### Source data
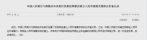 央行网站新闻稿并称,阿根廷人民币清算安排的建立,将有利于中国和阿根廷两国企业和金融机构使用人民币进行跨境交易,进一步促进贸易、投资便利化。gzA阿根廷华人网
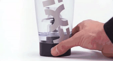 在没有冲调机器的场合,用普通的随行杯冲上一杯饮料就需要使劲摇晃一阵子才行,如果没有额外的搅拌工具,粉末难以彻底溶解还有可能喝到结块。为了让健身人士能够随时随地喝到冲调饮料,纽约的 PROMiXX 设计团队研发了一款名为 MiiXR 随性搅拌水杯,它内置的 X 形搅拌刀可以在五秒以内完成冲调。位于底部的马达采用了独特的防滑磁性锁,当你不需要搅拌功能时就能轻松地卸下。在高级版 MiiXR+ 中,水杯还配备了电池可以作为移动电源使用。它的众筹最低价为 25 美元。
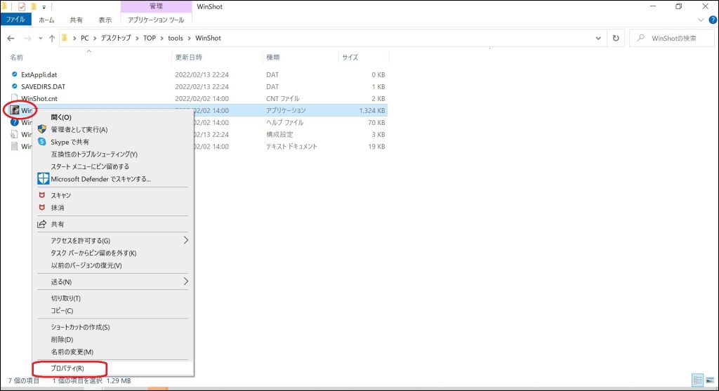 WinShotのプロパティを開く
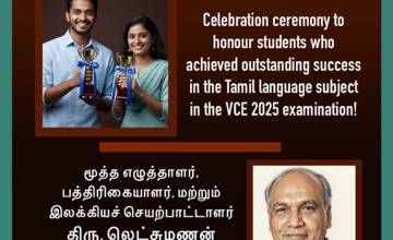 மெல்பேர்ணில் தமிழ் மொழி சாதனை விழாவுடன், சாதனை படைத்த மாணவர்களைப் பாராட்டும் விழா எதிர்வரும் திங்கள்கிழமை நடைபெற உள்ளது. அவுஸ்திரேலிய,…
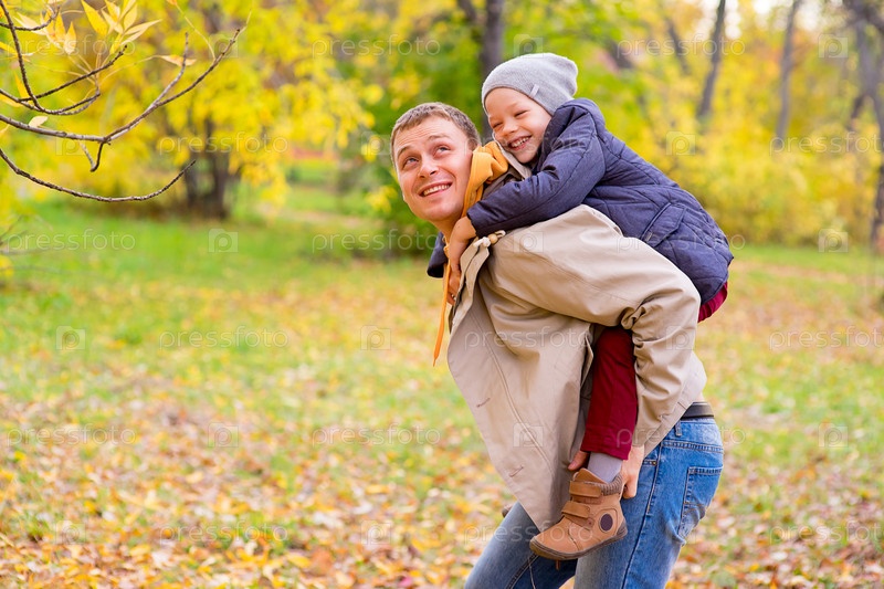 Отец и сын в осеннем парке

### THE PROBLEM
From the first line to the last, repeat the records exactly. Leave out the pictures.

### ANSWER BELOW
 央行网站新闻稿并称,阿根廷人民币清算安排的建立,将有利于中国和阿根廷两国企业和金融机构使用人民币进行跨境交易,进一步促进贸易、投资便利化。gzA阿根廷华人网
 在没有冲调机器的场合,用普通的随行杯冲上一杯饮料就需要使劲摇晃一阵子才行,如果没有额外的搅拌工具,粉末难以彻底溶解还有可能喝到结块。为了让健身人士能够随时随地喝到冲调饮料,纽约的 PROMiXX 设计团队研发了一款名为 MiiXR 随性搅拌水杯,它内置的 X 形搅拌刀可以在五秒以内完成冲调。位于底部的马达采用了独特的防滑磁性锁,当你不需要搅拌功能时就能轻松地卸下。在高级版 MiiXR+ 中,水杯还配备了电池可以作为移动电源使用。它的众筹最低价为 25 美元。
 WinShotのプロパティを開く
 மெல்பேர்ணில் தமிழ் மொழி சாதனை விழாவுடன், சாதனை படைத்த மாணவர்களைப் பாராட்டும் விழா எதிர்வரும் திங்கள்கிழமை நடைபெற உள்ளது. அவுஸ்திரேலிய,…
 Отец и сын в осеннем парке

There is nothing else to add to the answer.